Cockin's works included:

- A Rational and Practical Treatise of Arithmetic, 1766.
- Occasional Attempts in Verse, privately printed at Kendal.
- Ode to the Genius of the Lakes, 1780.
- The Theory of the Syphon, 1781.
- The Fall of Scepticism and Infidelity predicted, 1788, in the form of a letter to James Beattie.
- The Freedom of Human Action explained, 1791
- The Rural Sabbath, a poem, 1805. This posthumous volume includes a reprint of the Ode to the Lakes, with biographical notes.

Cockin contributed to the Philosophical Transactions a paper An Account of an Extraordinary Appearance in a Mist near Lancaster.

===Elocutionist===
In 1775 Cockin published The Art of Delivering Written Language; or, An Essay on Reading, dedicated to David Garrick, a work on elocution. In this book Cockin is representative of the 18th-century elocutionary movement, and within elocutionist he is assigned to the "natural school". His comment on the prescriptive approach of Thomas Sheridan, a leader of the movement, was that works of elocution might be as much about perceptions of ways of talking as speaking.
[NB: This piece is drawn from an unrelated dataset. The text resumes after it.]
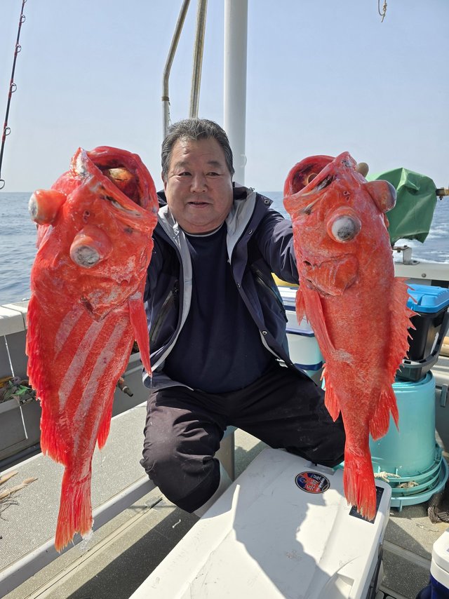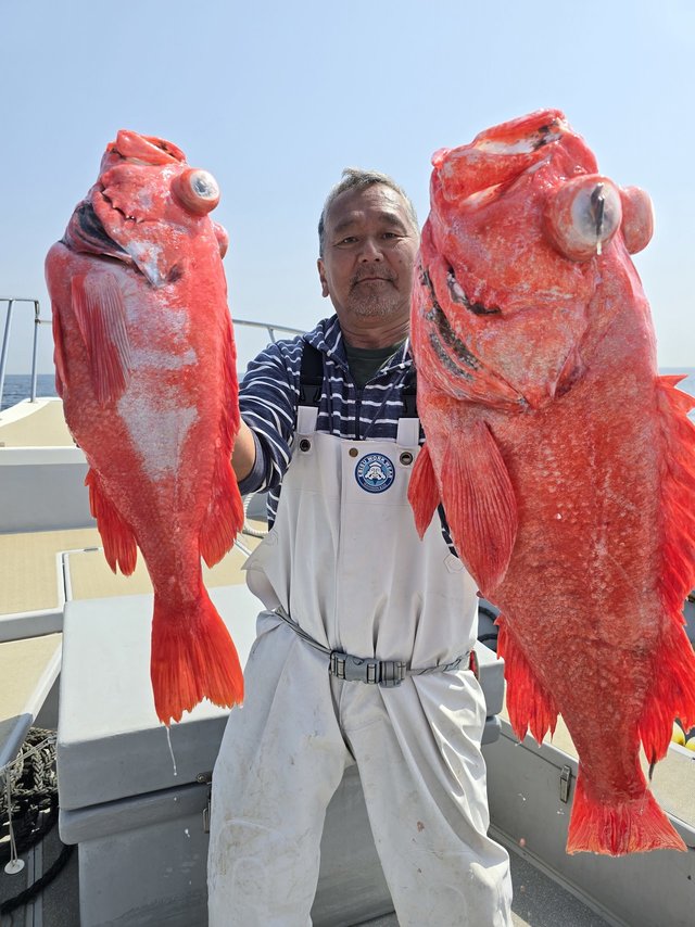 (オオサガ)3.50~5.00kg 合計3匹 水深1000mベニアコウ釣りで出船しました! 連日好調!クロダラに騙されたりもしましたが潮速い中でしたがベニアコウは3匹ゲット。

Cockin noted in particular the connection between modulation in speech and silent reading. He pointed out that in both speech and singing, pauses are used to frame and for emphasis. He took comical mimicry to be a low form, in terms of artistic prestige. His exposition on the topic is now a standard authority for this attitude to imitation and mimesis.

===Guide books===
Thomas West's Guide to the Lakes, on the English Lake District, first appeared in 1778, and Cockin assisted in its compilation. He edited, anonymously, the second edition in 1780, West having died in 1779, including a preface that discussed the sources used: John Brown's Letter on Keswick, Thomas Gray, Thomas Pennant and Arthur Young. This expanded work and a later edition influenced William Wordsworth's 1810 guide. They contained the Letter on Keswick and Gray's Journal of the Lakes as appendices. Other additions included an engraving of Grasmere, after John Feary; Cockin was also responsible for footnotes, and tables of heights of the mountains.